Description
This alert is triggered when the difference between the major freeze version number and the baseline version number exceeds the threshold.
Principle
The following table describes the key parameters that are involved in the monitoring and alerting logic.
| Parameter | Value |
|---|---|
| Metric | ob_cluster_frozen_version_delta |
| Source | SQL: javascript select zone, name, value, time_to_usec(now()) from __all_zone; Note * The value of the time_to_usec(now()) field is used as the value of the current_timestamp metric. * The value of the value field is used as the value of the zone_value metric. |
| Collected metrics | current_timestamp and zone_value |
| Metric expression | max(zone_value{metric_group="all_zone",name="frozen_version",@LABELS}) by (@GBLABELS) - min(zone_value{metric_group="all_zone",name="last_merged_version",@LABELS}) by (@GBLABELS) |
| Collection cycle | 1 second |
The value of the metric ob_cluster_frozen_version_delta indicates the difference between the major freeze version number and the baseline version number of the OceanBase cluster. When the difference exceeds the threshold, this alert is triggered. The default threshold is 1.
Alert rule
| Metric | Default threshold | Duration | Detection cycle | Time before clearance |
|---|---|---|---|---|
| ob_cluster_frozen_version_delta | 1 | 0 seconds | 60 seconds | 5 minutes |
Alert information
| Trigger method | Alert level | Scope |
|---|---|---|
| Metric expression | Critical | Cluster |
Alert templates
Overview: ${alarm_target} ${alarm_name}
Details: ${alarm_target} ${alarm_name}. The version difference is ${value}, exceeding the threshold of ${alarm_threshold}.

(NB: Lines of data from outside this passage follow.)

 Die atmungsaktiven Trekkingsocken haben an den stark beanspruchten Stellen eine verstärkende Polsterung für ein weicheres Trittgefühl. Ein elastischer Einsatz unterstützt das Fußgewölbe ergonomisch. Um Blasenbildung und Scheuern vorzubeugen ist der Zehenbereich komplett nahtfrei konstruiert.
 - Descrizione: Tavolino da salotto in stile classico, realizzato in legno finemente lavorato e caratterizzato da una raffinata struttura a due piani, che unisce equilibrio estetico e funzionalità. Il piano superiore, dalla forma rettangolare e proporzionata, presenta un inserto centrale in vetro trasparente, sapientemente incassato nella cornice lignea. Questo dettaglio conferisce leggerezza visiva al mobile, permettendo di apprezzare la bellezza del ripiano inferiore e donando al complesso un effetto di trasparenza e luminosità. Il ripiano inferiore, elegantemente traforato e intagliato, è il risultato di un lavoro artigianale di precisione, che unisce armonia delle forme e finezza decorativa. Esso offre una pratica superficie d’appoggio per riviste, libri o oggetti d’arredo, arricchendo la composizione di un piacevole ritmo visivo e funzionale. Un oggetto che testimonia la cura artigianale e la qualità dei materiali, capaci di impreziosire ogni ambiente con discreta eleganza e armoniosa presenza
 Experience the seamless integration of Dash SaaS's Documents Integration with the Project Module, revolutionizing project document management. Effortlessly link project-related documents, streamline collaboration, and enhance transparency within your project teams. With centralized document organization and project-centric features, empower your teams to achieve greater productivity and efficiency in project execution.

Overview example: ob_cluster=C1-1000. The difference between the major freeze version number and the baseline version number of the OceanBase cluster exceeds the threshold.
Details example: ob_cluster=C1-1000. The difference between the major freeze version number and the baseline version number of the OceanBase cluster is 2.0, exceeding the threshold of 1.0.
Impact on the system
This problem affects the statement response time. In extreme cases, the OBServer memory is overused, the application stops writing, and the clog disk is full.
Possible causes
This problem is commonly found in the following scenarios:
You start a major compaction task when an OceanBase cluster is undergoing an automatic compaction.

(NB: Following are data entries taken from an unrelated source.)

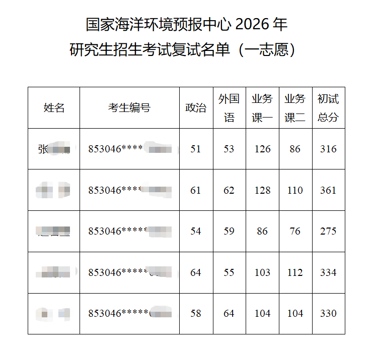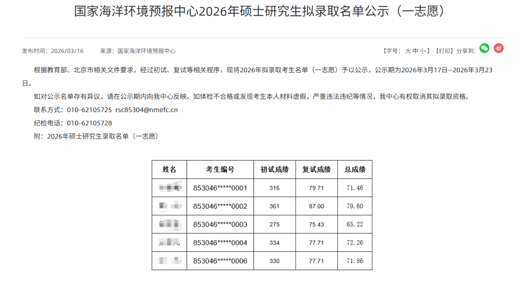 国家海洋环境预报中心26年进复试的五名同学全部拟录取。
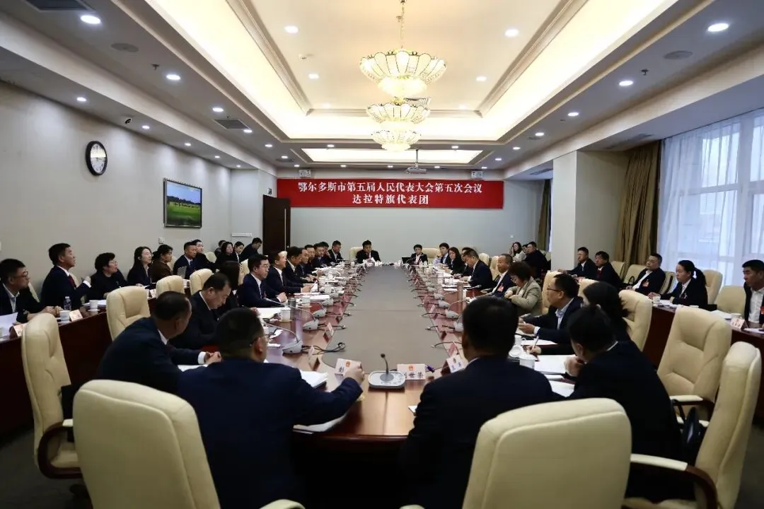 1月27日下午,参加鄂尔多斯市第五届人民代表大会第五次会议的达拉特旗代表团审议市政府工作报告。市下派代表陈曦、敖明、苗旺军,旗领导王小平、张伟雄、刘永福等参加审议。
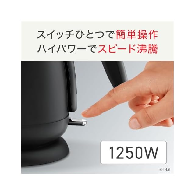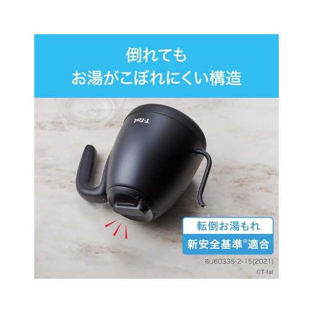 ティファール 電気ケトル 0.8L ドリップ コーヒー 1250 Wのハイパワーですぐに沸く 転倒お湯もれロック 「カフェ ロック」 ブラック KO9218JP
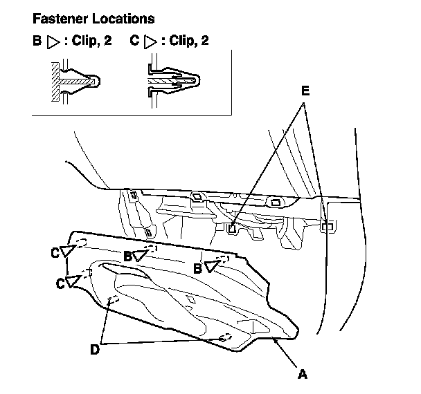 2. Install the undercover in the reverse order of removal, and if the clips are damaged or stress-whitened, replace them with new ones.
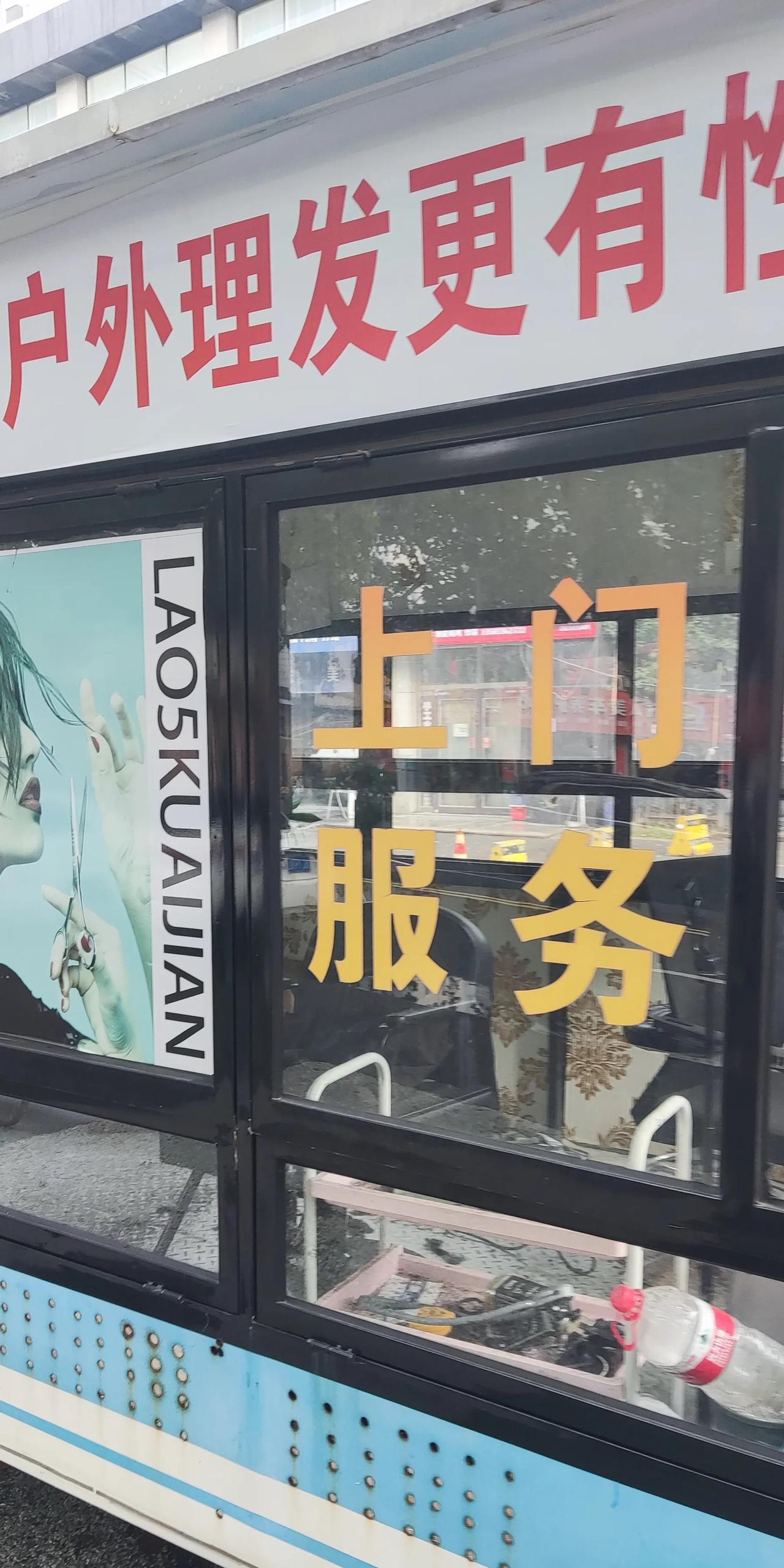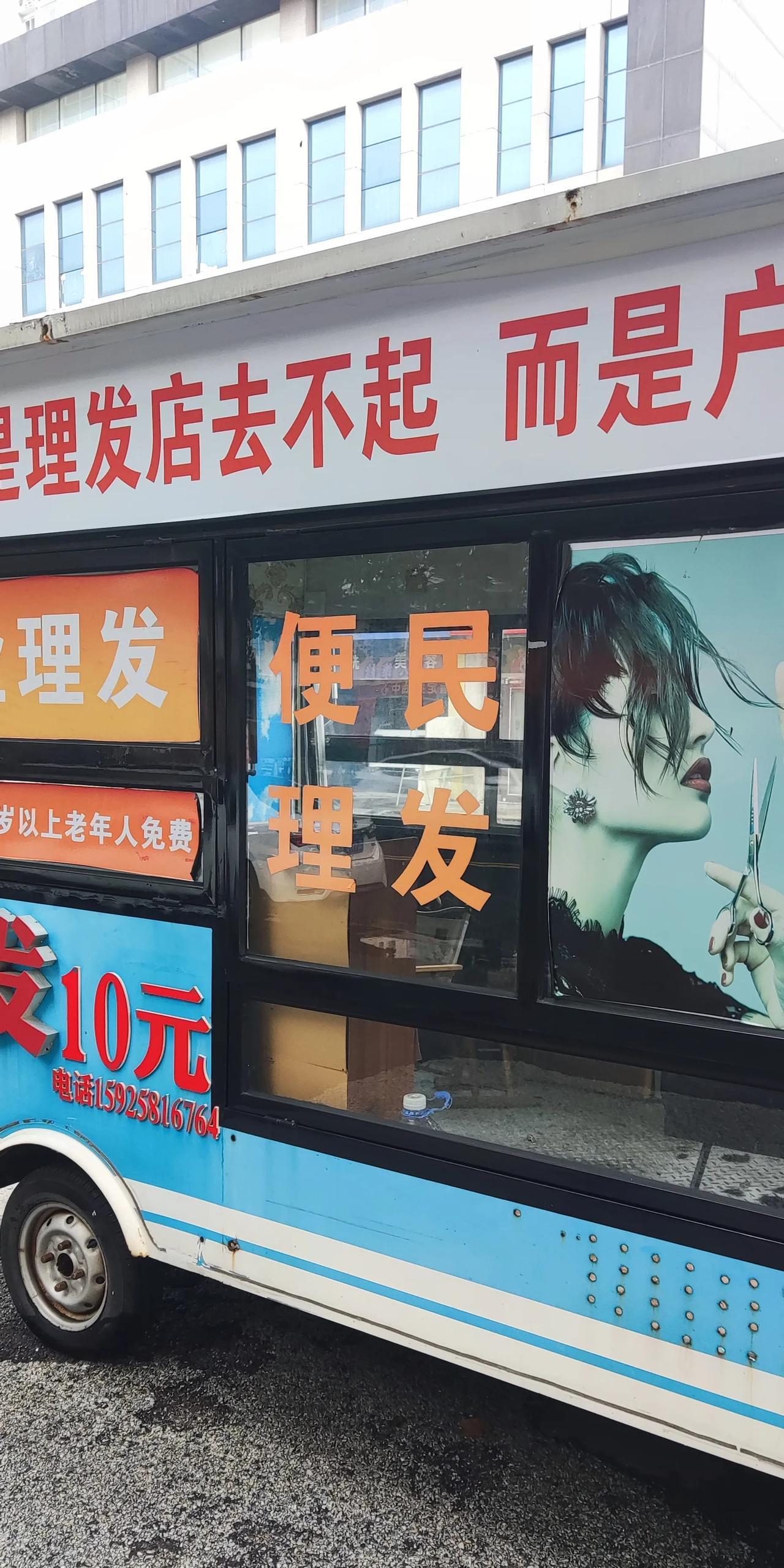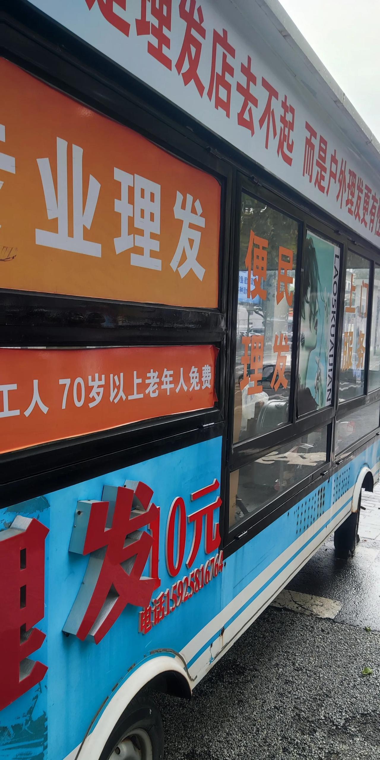 在这里理发,你猜多少钱? 今天我在公交车站等车,发现路旁一辆房车改成了理发室,装

You continuously start several major compaction tasks.
You start a new major compaction task before the last major compaction is finished.
Suggested solutions
You can check the following information to determine the causes that triggered the alert.

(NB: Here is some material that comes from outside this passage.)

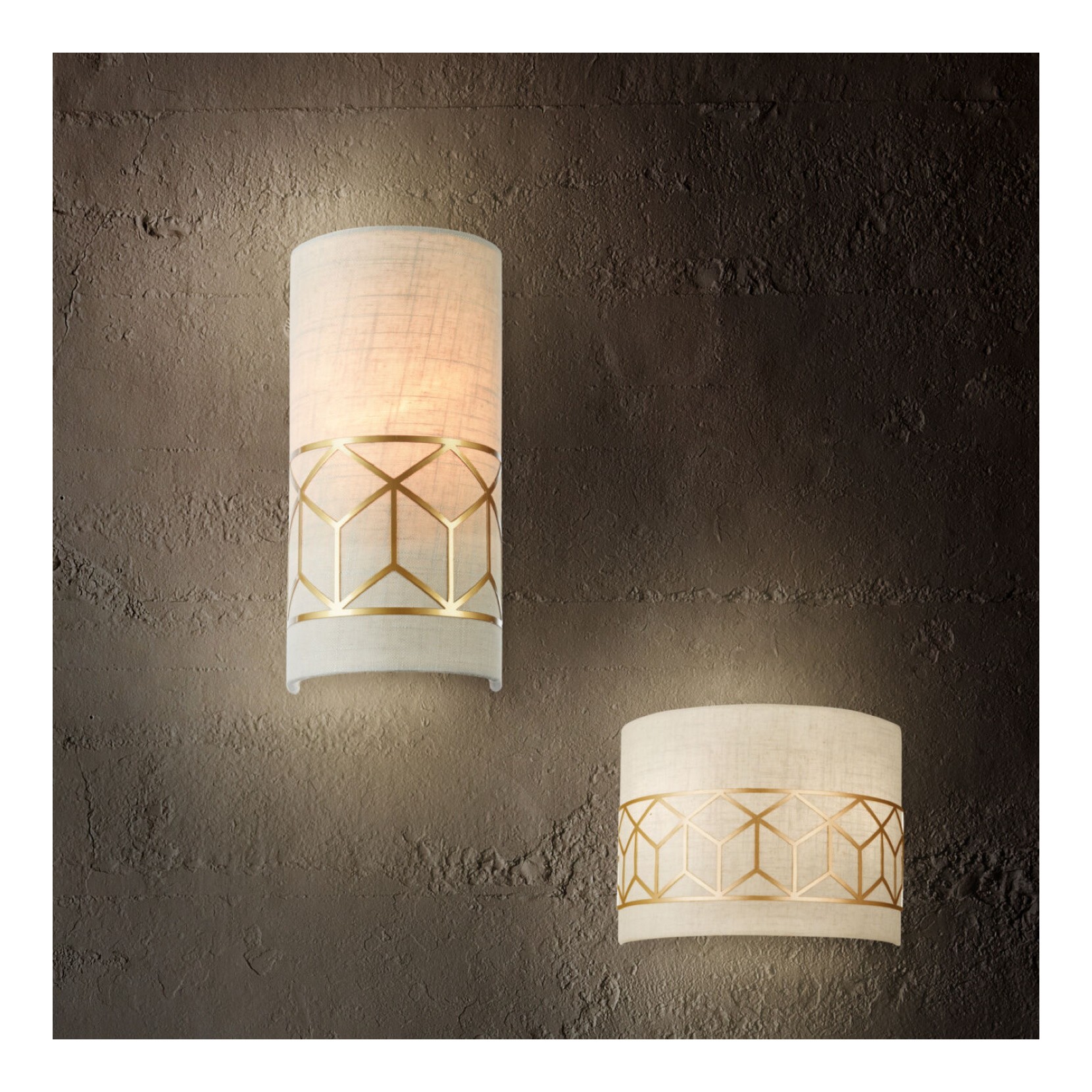 La lampada da parete MESSINA si compone di una struttura in metallo con una design che fa una chiaro riferimento ai motivi geometrici nella finitura oro. Messina con la sua struttura sembra che avvolga il paralume in PVC rivestito in tessuto come se volesse custodire un tesoro.
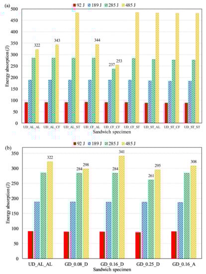 Chen et al. [63] investigated several advanced foam-filled multi-cell composite panels (FMCPs) made from glass fiber-reinforced polymer (GFRP) skins, GFRP lattice webs, and polyurethane (PU), under quasi-static compression. This study investigated four parameters: the effects of the skin and lattice-web thickness, the foam-cell width and height, and the foam density. The analysis showed great reductions in the peak crushing force and bearing loads for the FMCP with trapezoidal cells. Importantly, the FMCP with double-layer dislocation cells exhibited a specific energy absorption capacity and the highest mean crushing load. A study on the response of sandwich panels made of uniform (UD) and several graded density (GD) foam cores and skins produced from aluminum (AL), stainless steel (ST), and carbon fiber (CF) was conducted by Sun et al. [64]. The UD and CF were noted as having the highest specific energy absorption in comparison with the other panels, while specimens produced with GD_0.16_D were recorded as having the highest energy absorption when compared with the other panels, with less than 485 J impact, as shown in Figure 3.

Choose Compaction Management > Details of Major Freeze in the left-side navigation pane of a cluster and view the information of the latest major compaction.
Choose System Management > Tasks in the left-side navigation pane and view the major compaction tasks.
Perform the following steps based on the causes.
Ignore the alert caused by the manual major compaction task. Wait for the task to complete.
Note: Start a major compaction task only when it is necessary.
A slow or failed major compaction task also triggers other alerts at the same time, such as the ob_cluster_merge_error and the ob_cluster_merge_timeout alerts.
You can solve the problem of those alerts before starting a major compaction task and check whether the alert is triggered again.
For other exceptions, go to the next step.
Try to troubleshoot the problem on your own. For more information, see Exception handling for OceanBase cluster compaction.
If you cannot locate the problem or do not know how to solve it, contact OCP Technical Support for help.